**Items from a data source**

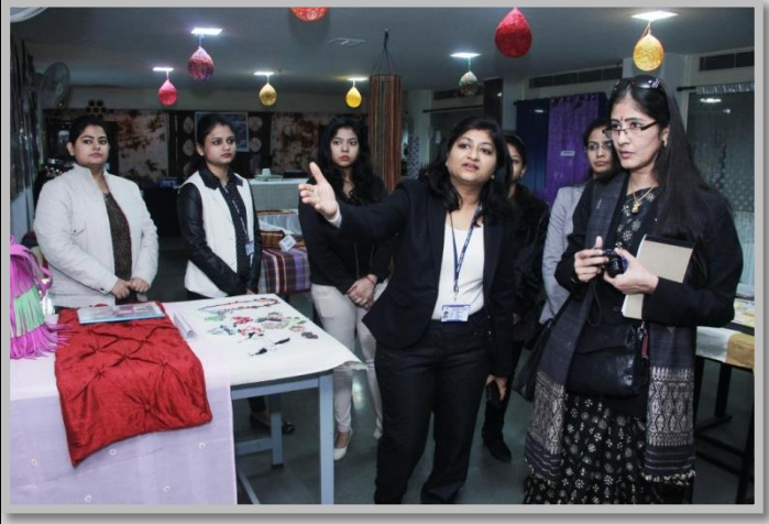
Visit to Exhibition by B. Des. Textile Design students
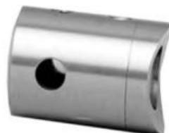
STH2001-6.3 5mm Wire Retainer for 42/48/Flat 304/316
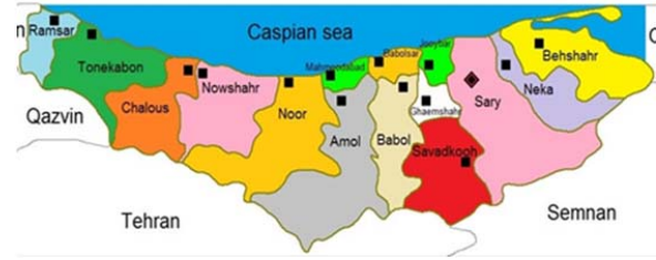
Fig. 2 Map of Mazandaran province of Iran

After solving the problem using \epsilon -constraint method, the Pareto front is achieved that the view of it is illustrated in Fig. 3 and Table IV. For this purpose, at first, we run the second objective function separately that the values F_2^{min}=349 and F_2^{max}=14938 are achieved. Also, we consider n=15 and \epsilon=0.000001 to make Pareto front.
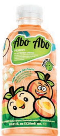
PEACH FLAVORED DRINK NET CONTENT 320ML
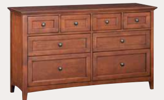
• 8-Drawer Dresser #1131 60"W x 18-3/4"D x 36"H
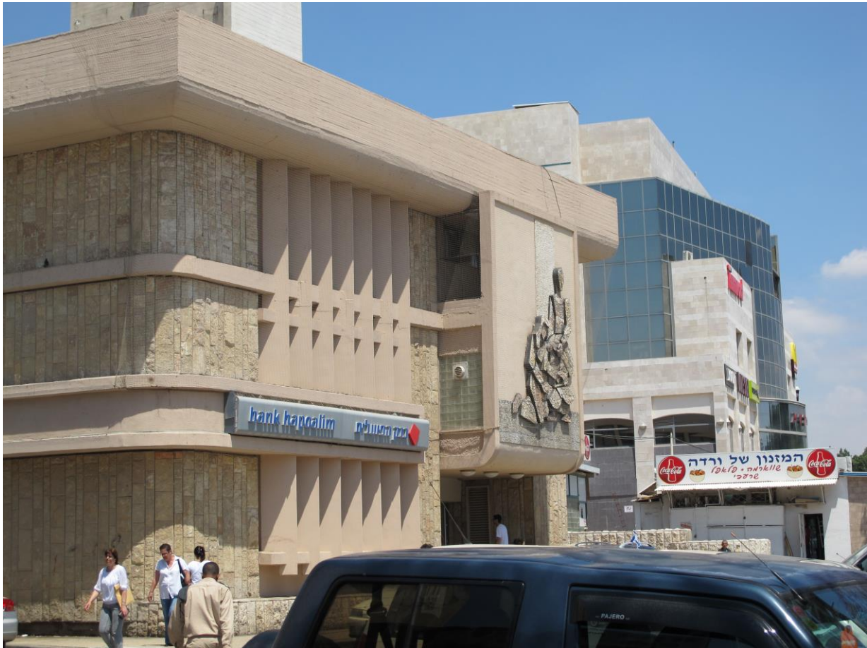
Former town hall transformed into a bank, in the background, the shopping center that houses the new town hall on the top floor.
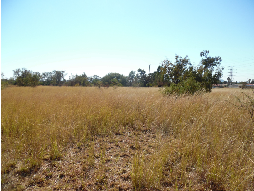
Figure 3: Site characteristics: Photograph taken towards the north
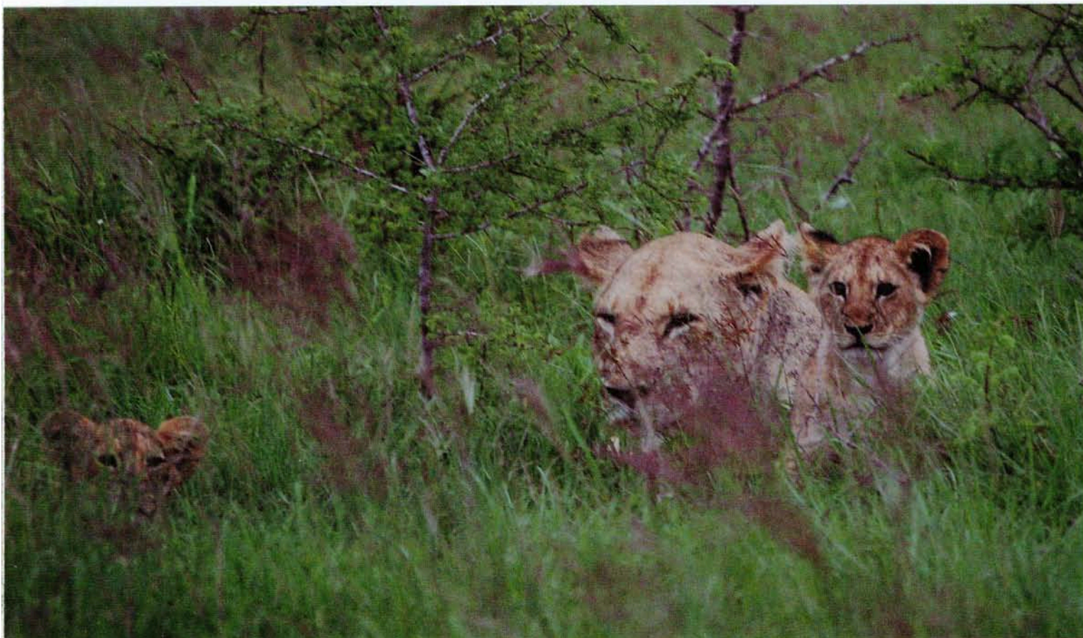
JETTA BATES-VASILATOS (3)

One of the most captivating experiences of a trip to this African nation is the opportunity for game viewing at every turn.
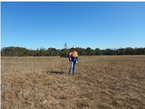
Plate 7: View west towards Eastern Creek
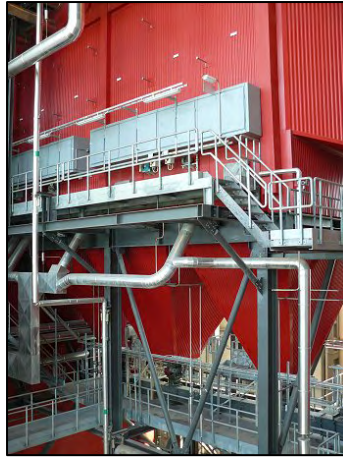
Large CHP plant boiler.

distributed through a District Energy grid. Efficiencies are high, and small to large cities can be served by CHP plants. St. Paul, Minn., has a CHP plant that largely runs on municipal solid waste. Both district heating and CHP plants can also produce pellets for local housing that is outside of the hot water grid or for sale to larger markets.
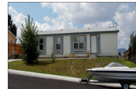
Homes, like the one on the left, provide transitional housing for the homeless in Elko.

HOME's purchase of homes in Elko provided assistance to serve families at or below 60% AMI. Two of the purchased rental units have been leased to single moms with kids.
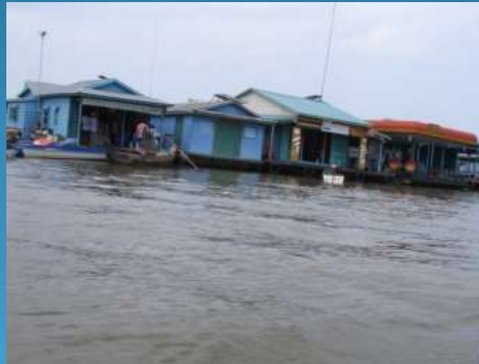
Fixed floating village
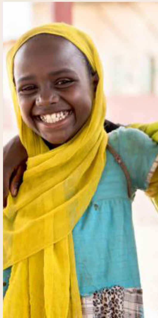
File Photo: Sudanese children

According to a progress report on Eswatini, this project has contributed to addressing the constraints that had been identified to further the achievements by procuring leather production equipment including cutting, stitching, making and lasting machinery and tools amounting close to $36, 000.
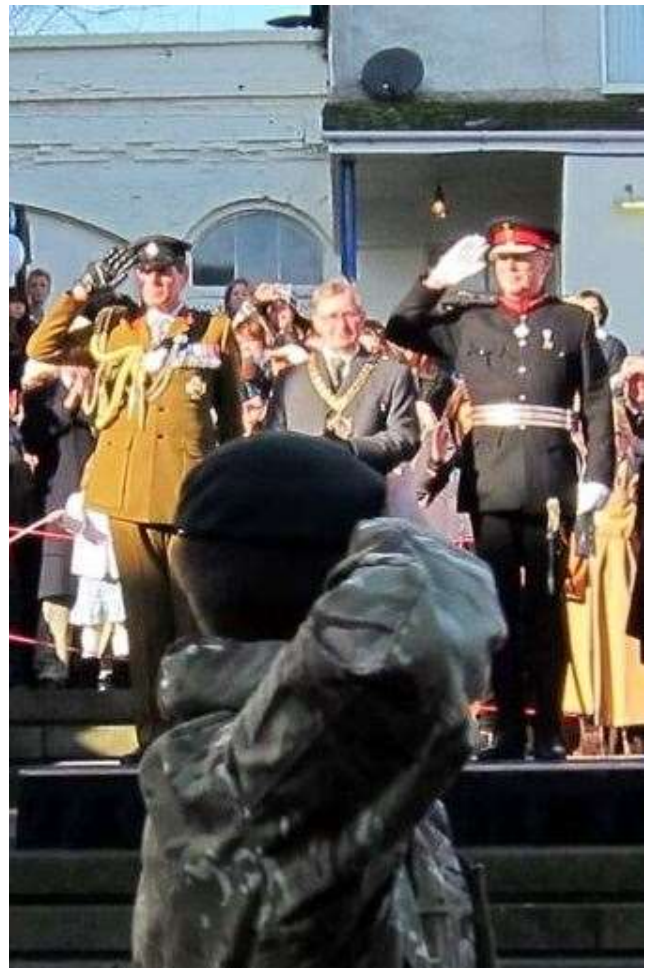
As Mayor in 2011, taking the salute when 1 Rifles received the freedom of the town

He was a friend to many of us, a mainstay of the town, and will be sadly missed by all.
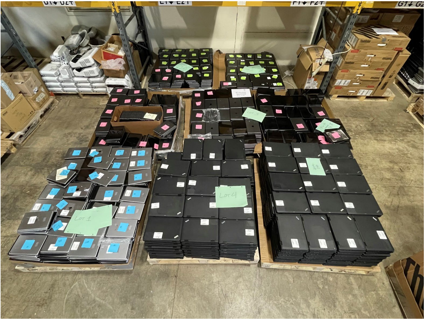
Pictured: All four lots

**Task instructions**
All that should be returned is the run of lines from the start of the entries above to the line bearing "Fig. 2 Map of Mazandaran province of Iran", each exact, with pictures omitted.

**Solution**
Visit to Exhibition by B. Des. Textile Design students
STH2001-6.3 5mm Wire Retainer for 42/48/Flat 304/316
Fig. 2 Map of Mazandaran province of Iran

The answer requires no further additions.